Auto telentry for for infra and, often, for third party apps is not a problem. There is a variety of exporters and, lately, eBPF can discover a lot. The problem is with our own apps. They need to be instrumented with otel.
I find it shortsighted that it supports only kubernetes. Most companies have some ec2 instance somewhere, be it a database instance or some historical deployment somewhere. By going pixie, I feel I have to accept to be blind on the rest of the infra. Not sure how hard it would be to have an ebpf enabled agent to run on linux on instances that reports to pixie. Not in their roadmap unfortunately.
what I think is pixie is better than groundcover bcz in groundcover it is a SAAS solution so our important data we are sharing to its cloud so for security purpose I shall use Self-Hosted Pixie, if ground cover provides self hosted I will definitely use ground cover. whats your view on this?
If you need a self hosted solution, pixie is definitely the way to go. We'll what'll happen when/if ground cover starts offering a self hosted version.
You can obfuscate the date for ground cover and also the data is stored in the cluster and portal container only just make a connection out of the cluster to the cloud to give you the ui so the data is actually still safe
Open telemetry was supposed to decouple data collection from data visualization. Is this not a step back? Can't pixie be just another collector on the otel ecosystem? Or a UI in competition to grafana?
Pixie is a few things at the same time. It collects data as exporters do but through eBPF, it stores data like, let's say, prometheus, and it visualizes data like Grafana. Whether that's good or bad really depends on how well it does all those things. As for otel... It is a standard API and not really a data collection. It describes how to expose data so that collectors can get it.
@@DevOpsToolkit , what do you mean that is not a collector of observability data? That is exactly what it is! And more ... After we want to filter data or mask personal data for compliance, create span metrics from traces... Set multiple exporters... And much more... Also . In Enterprise environments, we need to send the same observability data to elk or splunk because some teams love to do Analytics on that data... Or send traces to a E2E Jaeger or whatever...with otel I don't have to install an agent for tool x just because some team prefers that tool... I just add an exporter to otel!... And there are more like semantic standardization of logs metrics and traces.

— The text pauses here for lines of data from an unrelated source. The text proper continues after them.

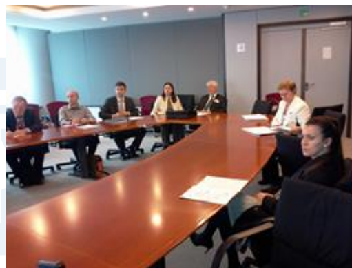
ROST at the European Parliament
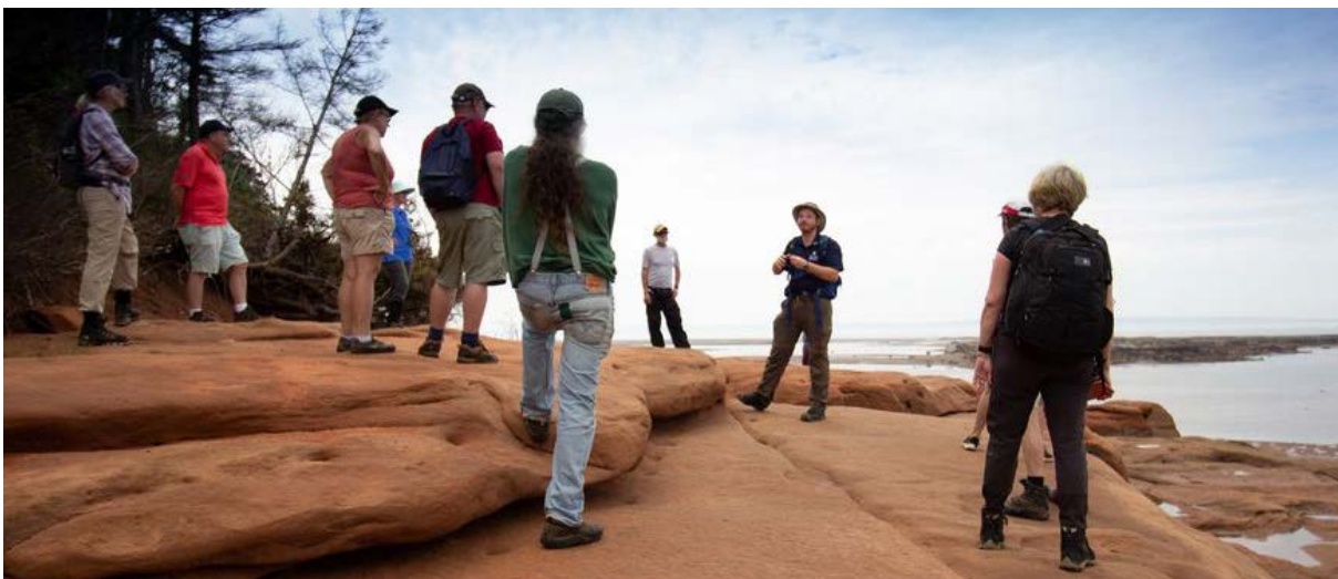
Our geoscientist leads a variety of tours each year in the Geopark.
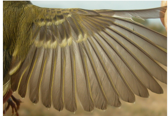
Yellow-browed Warbler. Autumn. 1st year: pattern of wing (28-X).
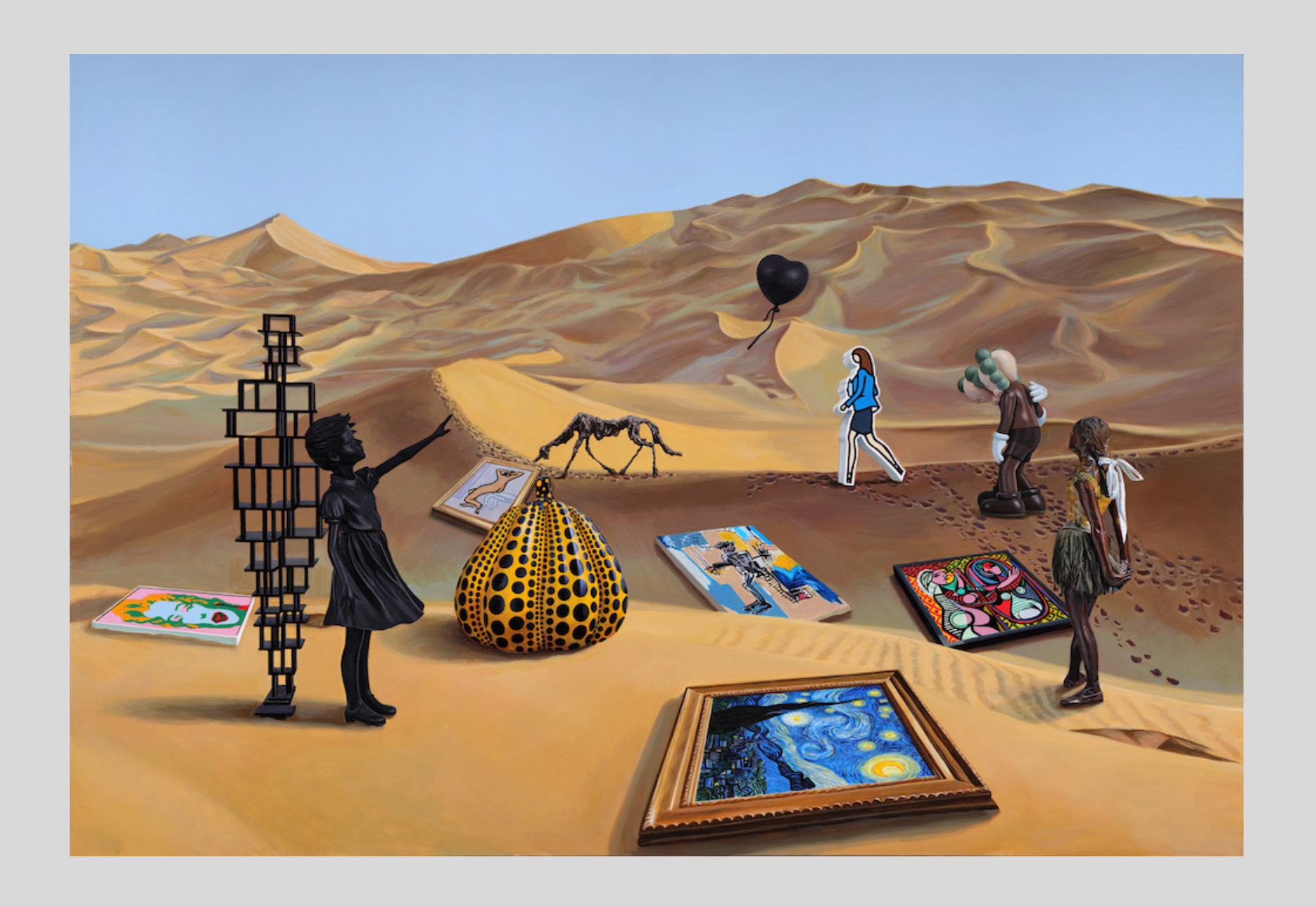
Art Desert 110 x 160cm Acrylic on canvas
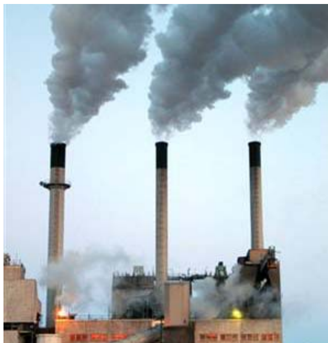
Traditional coal-burning power plants will become less profitable as the U.S. develops a cap-and-trade market for CO 2 emissions.

Ohio regulators cannot ignore this situation. Ohio is unusually reliant upon older, inefficient coal plants. A carbon
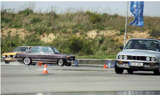
The participants had a lot of fun during the driver training course

After a short briefing, the driver training course began. Right through to the afternoon we slammed on the brakes, cranked the steering wheel and swerved our way around the track like there was no tomorrow. Refreshments were served in between – after all, those driving classic cars without power steering needed to recharge their batteries once in a while! Since the water used to sprinkle the grounds was hard, the cars were given a good wash afterwards.
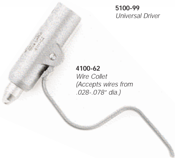
4100-62 Wire Collet (Accepts wires from .028-.078" dia.)
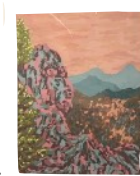
2. The Overlook (2023) Pulp Painting 20 x 16" $480
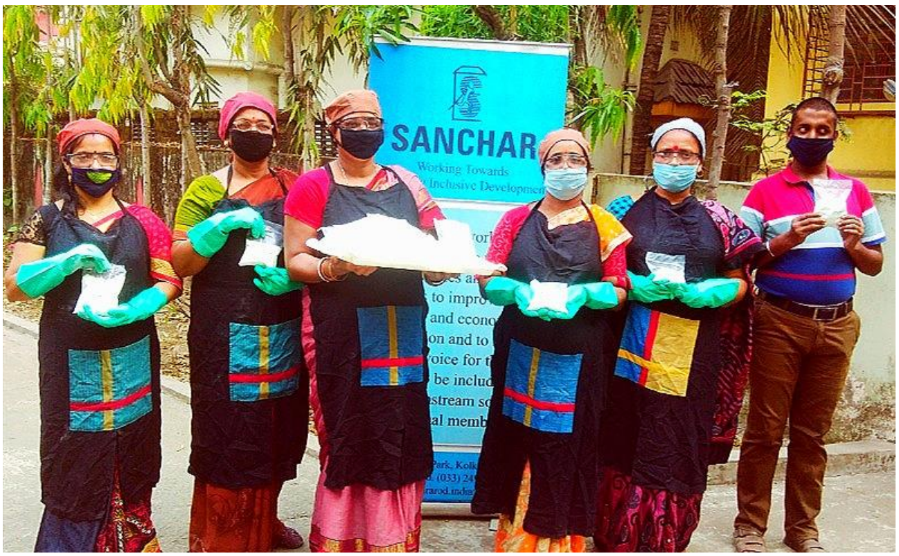
The handmade detergent powder is ready

This year, after COVID 19 and lockdown, the issues of livelihood got prime attention. Protecting Mother Earth, waste management, use of solar energy, rain water harvesting - all these issues are now our prime concern. So we started to discuss and analyse with the families and community on the different options for livelihood. We started Save earth campaign in the community. As an initial step we started training on Kitchen gardening and composting in Sanchar with the staff and parents with the guidance of Resource persons. We have also organized training on entrepreneurship, marketing of products, branding and digital marketing for young adults and parents. As the group was interested to do something, we trained them on detergent making, hand wash making, liquid floor cleaner and Phenyl making. As the next step we will be helping the group in packaging and marketing.
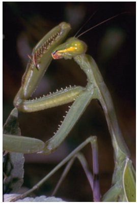
Praying Mantids - adult

( Mantodea ) – These are long slender insects with modified raptorial front legs. These insects feed on a variety of insects including other mantids. They usually lay in wait for their prey with their front legs held in a characteristic upraised position. This behavior has given the rise to their common name “praying mantids.”
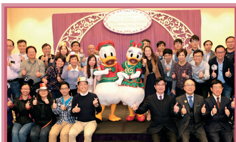
Christmas Dinner 2018 held at Disneyland

The Group also strives to establish harmonious labour relationships and create a happy working environment, promote a positive and healthy lifestyle, and lift the spirit of local workforce, encourage and strengthen internal communication through organising diversified employee activities, including but not limited to Christmas Dinner held at Disneyland, barbeque and golf event held at Pak Shek and joining the dinner symposium held by the Hong Kong Institution of Engineers.
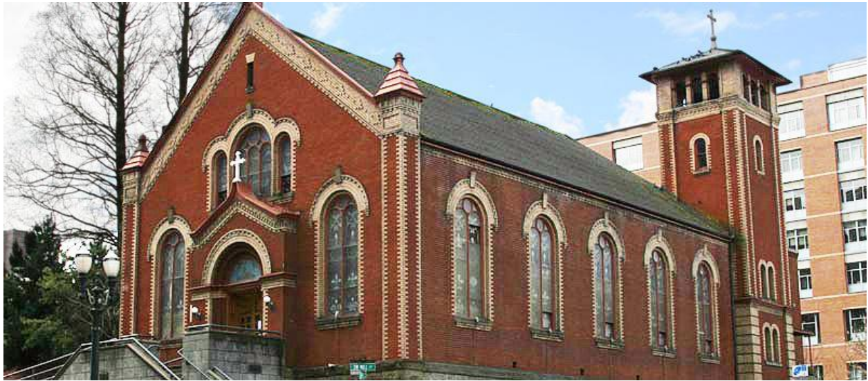
St Michael the Archangel Church

Lord, one that is only sustained by faith. Then we looked at different levels of faith, based on our human experience of being a child, being an adolescent, and becoming an adult. When we are in the stage of the faith of a child, everything comes easily. Like children with an unquestioned trust, so we trust in the Lord, and his grace fills our lives. Then we move to the faith of an adolescent. This is when we begin to question, for example to ask why our prayers aren't answered the way we want, or why things don't always go so well for us. We find ourselves doubting, wondering, and unsure of all this. This is the key and decisive period where people may give up. When we get through this we come to the faith of an adult. We have endured! And we are here now. It is the Holy Spirit which has brought us here. We live by faith. We are conscious of our sins and limitations, yet we know that through it all Christ is with us.
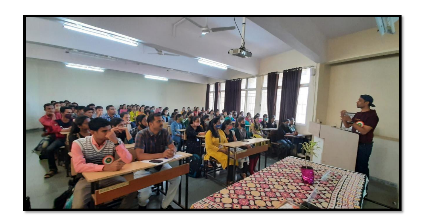
One Day Workshop on "Industry Awareness Programme"

I think we missubderstood each other. I thought that by collector you meant an agent that collects data from some data source (in this case otel). My bad.
@@DevOpsToolkit ok... fair enough. to be clear... otel is supposedly the colecting layer of observability data right? for what I understand its a large ecosystem that can collect observability data in multiple tech, like talking to prometheus endpoints, read files and even ebpf. that is defined in the "reciever" part of the otel collector. what I understand pixie has its own ebpf agent but also stores the data it collects and offers an ui that looks really cool and I like the script and cli aproaches. then it says that it can export its data to open telemetry.... imo pixie should decouple the data colecting part(leave that for an ebpf reciever in otel) and then consume the data from open telemetry collector to its local observability data store and UI. I hope I am being understood :) in my enterprise we really trying to get everyone to "use only otel to colect observability data" so that we stop the proliferation of diferent observability agents.
@@hugolopes5604 You're right when collectors are concerned. However, when I talk about otel, I talk first and foremost about instrumentation itself and, to be more precise, instrumentation of your own apps. I do think that otel is important on all levels, but I see it much more relevant for instrumentation inside my own code than for external collectors (e.g., node resources, Kubernetes API, etc.). The reason I'm saying that lies in the amount of effort I need to puit into it. When I add instrumentation to my code, that is a "real" effort and I do not want to get into the situation where I need to rewrite that code because I changed the tool where that data is stored. That's where otel gets fanatical support from me. Then there is the rest of data (e.g., memory, CPU, Kube, etc.). It's great if that is otel, but not that critical since the effort is small (I just had to install come agent to expose that data). I'm not saying that should not be otel (it should), but, rather, that the gain (or the loss) is smaller. All in all, what I'm trying to say is that the main question is how you instrument "stuff" rather than how you collect data that is exposed through that instrumentation.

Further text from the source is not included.